PRIMO MARELLA GALLERY
Arvin Golrokh - Nothing is empty

Arvin Golrokh - Nothing is empty

22 settembre - 30 ottobre 2022

Primo Marella Gallery Milano è lieta di presentare la prima grande mostra personale di Arvin Golrokh - Nothing is empty

Arvin Golrokh è nato a Teheran nel 1992. Dal 2018 ha scelto di trasferirsi a Torino per frequentare l’Accademia. È una scelta che potrebbe essere spiegata come una presa di distanza da un paese come l’Iran, segnato da una grande storia e da un difficile presente. In realtà Golrokh non è affatto scappato dal suo paese: in questi anni ha anzi approfondito e ridefinito la dimensione della sua appartenenza. Le coordinate storiche e geografiche sono diventate sempre più le linee di forza della sua pittura; una pittura che parla un linguaggio aggiornato, internazionale partendo dallo specifico di una memoria. Anzi, accettando di precipitare ogni volta in quello specifico. Con Arvin Golrokh il motore potente e drammatico della storia torna a segnare il destino e le ragioni della pittura. La pittura in questo è chiamata ad una sfida: dilatare l’orizzonte del proprio discorso e restituirlo come discorso sul mondo, sulla libertà e sul potere. La sfida si gioca ogni volta sulla tela, con l’intensità emotiva di una battaglia, dove la logica cieca del sopruso è chiamata a misurarsi con la lucentezza di una determinatissima visione morale. Non importa chi vinca, importante è che questo accada. La pittura svela i meccanismi ambigui del potere e insieme mette in campo l’energia per un riscatto.

In ogni opera di Arvin Golrokh c’è qualcosa che prevale sull’amarezza e la drammaticità di ciò che viene testimoniato, seppure con quelle sue modalità così allusive. È un amore profondo, un senso di appartenenza alla storia da cui viene, nonostante i tanti misfatti di cui quella storia si è macchiata. Questo spiega quel sottile e sorprendente impeto redentivo che caratterizza la sua pittura. Una pittura che non si rinserra mai nell’ineluttabilità delle cose, nel fatalismo senza scampo, ma che al contrario è regolata da una tensione morale in direzione di un “oltre”. Se ne scorgono i segni nel crepitio infinito, tagliente, sofferto di una materia pittorica che sa essere anche ostinatamente luminosa. Ricorrendo a un gioco verbale si potrebbe dire che la sua è pittura che non si “erge” ma che si “immerge”; e immergendosi prende per mano, sollecita le coscienze a comprendere lo stato delle cose e intanto dà visibilità a schegge di una bellezza smarrita ma non perduta.
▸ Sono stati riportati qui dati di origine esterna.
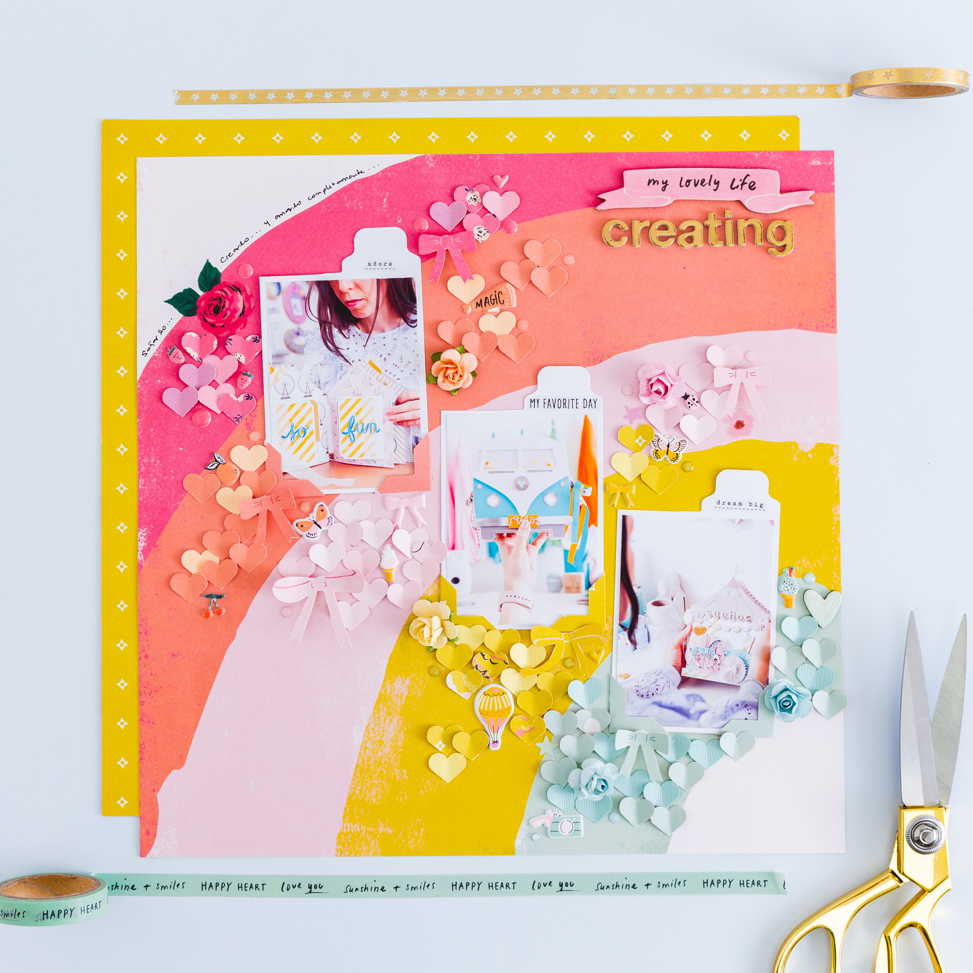 Este layout especialmente realizado para la marca como parte del DT tiene como finalidad la aplicación y uso de distintas herramientas. Además tiene la característica de ser interactivo. Para su elaboración utilicé la TAB Punch Board, el Photo Corner Punch y uno de los layered punches corazón de WE R MEMORY KEEPERS. Cada foto-tarjeta es interactiva. Puede retirarse y leer el journal de cada una de las fotografías.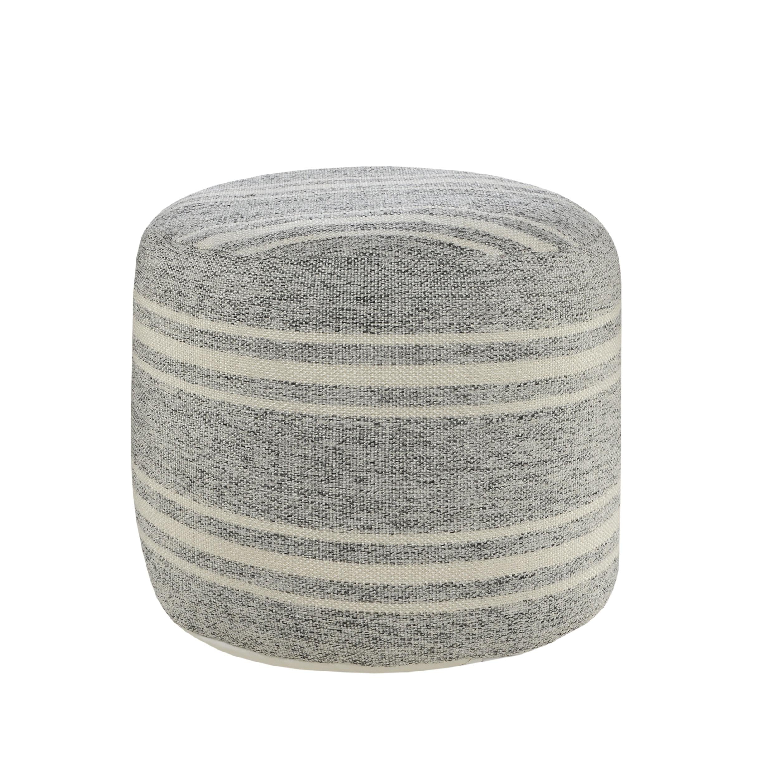 18" Gray Polyester Round Striped Indoor Outdoor Pouf Ottoman

Golrokh confessa di aver molto guardato Goya e in particolare i suoi “Disastri della guerra”. In effetti la drammatica amarezza che segna quello straordinario ciclo di incisioni, dove si affrontava un conflitto civile che aveva devastato la storia spagnola, è sintomo della volontà vera dell’artista: non porsi a giudice di quella stagione tragica, ma smuovere le coscienze rispetto all’inutile crudeltà di quanto era accaduto. La ferocia di tante scene del ciclo è motivata da questa urgenza morale; non è fine a sé stessa ma funziona da accorato richiamo a cogliere l’insensatezza di tanta violenza. Arvin Golrokh si muove con uno spirito simile operando però in una direzione opposta, cioè mascherando l’accaduto, distanziandolo anche quando la rappresentazione si fa più esplicita e i riferimenti più serrati. La cancellatura delle sembianze rende ancora più potente il messaggio, in quanto la pittura violando le immagini di partenza, finisce con lo smascherarne in modo impietoso il contenuto di propaganda.